My grandmother, who insisted on being called John Ora, was part of the Emory University U.S. Army Unit that served from 1917-1919, principally in France.

She was enlisted during her nursing training by a Dr. Green, who said she was the best surgical nurse he had ever trained. It seems, from family legend, that she was rather too young to be in the U.S. Army as a nurse, but Dr. Green insisted, and she was shipped overseas via the Canadian Maritimes to escape German U Boats.

I have photos of her at this point and later. She is noted in the official history of the Emory Unit as R.n., a.n.c., and as having enlisted on April 15, 1918. She is listed in the history as available through address to the Davis-Fischer Santarium, in Atlanta, where she was a superintendent.

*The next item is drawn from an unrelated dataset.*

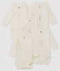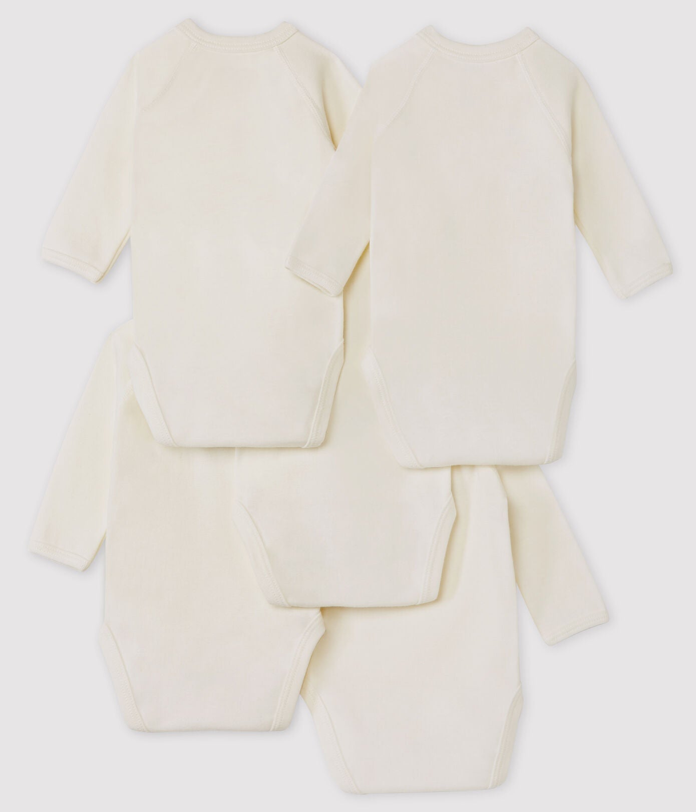 - 5 long-sleeved wrapover bodysuits in Petit Bateau's iconic rib knit.

 In France, she was on the nursing staff of the Hospital Annex Mixte. Family history has it that she professionally and rather coolly comported herself on assignment in Burgundy or perhaps it was Bordeaux, surgically attending many wounded.

When the war ended, she traveled France for a time, then returned to the U.S. to take positions in the Tampa General Hospital, including as Head of Intensive Care there, then married my grandfather, Lester H Simon. She continued to serve as a veteran after service, including as commander.

She is buried in Tampa with full veteran honors. Which, I might add, was probably pretty unusual for a girl from Baxley GA. She knew she needed to serve, she served and this was during and after the war. She was truly a woman ahead of the times. And I believe women who served, before and after, such as my mother's mother, need to be recognized and elevated as part of our WW I history, now more than ever before.